# Giz a job...



## DIY (Jul 4, 2010)

Landing in Perth very soon now, the wife is the main applicant (nurse), i have worked for the same company 23 years as a production supervisor/manager. I do the routine set ups to various metal working machines, i specialise within the cnc bending areas, but turn my hand to repairs and tooling modifications on a regular basis.
My main question is this, having served the same company for so long i only have internal qualifications/course certifcates (not national vocational certs) how easy would i find this type of work to find or should i be looking to change tack and go for anything available to start out?

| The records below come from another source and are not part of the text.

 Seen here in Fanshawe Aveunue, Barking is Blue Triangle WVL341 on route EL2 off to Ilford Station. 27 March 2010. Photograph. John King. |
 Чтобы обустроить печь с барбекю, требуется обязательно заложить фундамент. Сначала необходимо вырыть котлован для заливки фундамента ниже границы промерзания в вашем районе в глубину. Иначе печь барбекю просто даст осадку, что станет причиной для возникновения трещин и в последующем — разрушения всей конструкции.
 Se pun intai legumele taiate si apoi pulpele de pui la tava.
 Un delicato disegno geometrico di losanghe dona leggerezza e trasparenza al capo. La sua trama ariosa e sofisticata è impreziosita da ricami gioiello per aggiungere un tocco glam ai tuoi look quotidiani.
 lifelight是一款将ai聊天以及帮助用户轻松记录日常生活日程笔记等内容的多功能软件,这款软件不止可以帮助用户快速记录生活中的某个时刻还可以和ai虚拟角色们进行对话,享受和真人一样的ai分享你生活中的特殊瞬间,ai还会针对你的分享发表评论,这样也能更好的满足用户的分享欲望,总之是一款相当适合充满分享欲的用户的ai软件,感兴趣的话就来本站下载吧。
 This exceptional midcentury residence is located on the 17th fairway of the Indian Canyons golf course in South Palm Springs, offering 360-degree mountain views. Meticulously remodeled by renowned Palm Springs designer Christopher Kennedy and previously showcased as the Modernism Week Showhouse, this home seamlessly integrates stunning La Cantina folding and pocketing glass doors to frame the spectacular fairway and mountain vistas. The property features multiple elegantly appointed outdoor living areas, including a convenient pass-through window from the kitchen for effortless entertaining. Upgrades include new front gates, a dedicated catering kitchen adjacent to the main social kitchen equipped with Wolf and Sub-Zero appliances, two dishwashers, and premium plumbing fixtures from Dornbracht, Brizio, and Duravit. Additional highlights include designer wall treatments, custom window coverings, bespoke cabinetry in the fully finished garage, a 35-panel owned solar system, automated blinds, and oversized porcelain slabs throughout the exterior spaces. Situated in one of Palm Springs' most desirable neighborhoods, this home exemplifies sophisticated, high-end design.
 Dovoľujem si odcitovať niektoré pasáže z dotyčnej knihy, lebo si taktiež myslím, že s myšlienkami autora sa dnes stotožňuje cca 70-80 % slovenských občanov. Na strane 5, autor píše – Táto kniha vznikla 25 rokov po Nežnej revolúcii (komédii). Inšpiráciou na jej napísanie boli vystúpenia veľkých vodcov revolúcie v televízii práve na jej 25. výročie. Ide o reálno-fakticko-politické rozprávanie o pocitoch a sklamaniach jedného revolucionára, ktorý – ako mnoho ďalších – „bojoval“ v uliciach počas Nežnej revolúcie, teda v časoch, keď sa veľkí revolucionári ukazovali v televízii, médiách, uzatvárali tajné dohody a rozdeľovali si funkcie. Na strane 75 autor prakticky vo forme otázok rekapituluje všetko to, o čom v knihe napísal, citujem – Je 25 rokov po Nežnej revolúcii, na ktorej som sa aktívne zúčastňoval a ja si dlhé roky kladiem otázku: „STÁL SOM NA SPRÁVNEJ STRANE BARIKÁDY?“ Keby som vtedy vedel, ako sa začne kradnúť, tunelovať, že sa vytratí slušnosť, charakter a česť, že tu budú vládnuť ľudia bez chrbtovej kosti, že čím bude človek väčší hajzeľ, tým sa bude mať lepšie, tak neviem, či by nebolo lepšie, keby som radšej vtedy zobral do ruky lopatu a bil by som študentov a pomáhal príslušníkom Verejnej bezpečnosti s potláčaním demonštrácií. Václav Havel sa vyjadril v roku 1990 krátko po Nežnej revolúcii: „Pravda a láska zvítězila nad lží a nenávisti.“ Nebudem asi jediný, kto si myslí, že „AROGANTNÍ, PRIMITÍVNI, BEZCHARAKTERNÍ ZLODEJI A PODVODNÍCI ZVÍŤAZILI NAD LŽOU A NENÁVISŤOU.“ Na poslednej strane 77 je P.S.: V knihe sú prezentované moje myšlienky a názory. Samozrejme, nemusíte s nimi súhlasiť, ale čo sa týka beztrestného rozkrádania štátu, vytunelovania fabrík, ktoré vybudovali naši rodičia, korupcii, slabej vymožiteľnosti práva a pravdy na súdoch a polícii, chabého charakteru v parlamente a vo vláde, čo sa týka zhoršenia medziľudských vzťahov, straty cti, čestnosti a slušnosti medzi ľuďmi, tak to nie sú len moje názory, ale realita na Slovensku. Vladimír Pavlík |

I have no worries to that route of employment, just that i feel like a one trick pony having worked nearly all of my working life with the one firm.
I hope this makes sense to everyone, just trying to get a feel for whats actually around, we are looking at Mandurah and surrounding areas as a base, but that probably will change as we get there and look around to find areas with work,education/schools,housing is not a top priority with us as we will be renting to start.
Any feedback is appreciated in advance.
Thank you.


----------



## Wanderer (Jun 16, 2007)

As you probably appreciate, getting to a position like yours has come about by all those years of experience and service to the company and that can be much the same for similar shops in Australia.
I'm not at all familiar with the manufacturing areas down around Perth and quite a bit has possibly developed for a lot of resource projects but Mandurah has always been something of more a fishing/holiday location, being used more and more for people to commute from that area up to Perth where I suspect most industry is possibly in the region from Fremantle out to the east and south east a bit.
With management as well as technical experience, for something different you may want to see what the situation is for equipment hire companies for they are probably going gang busters with resources development though a lot of companies could have depots way up north or out south east where resources development is.
But stay flexible and it does get reported that with reources developments attracting a lot of people, even organisations like local government are always looking for people and they have technical/service and procurement management or admin needs too.
Seems like you have a good attitude and you ought to find something.


----------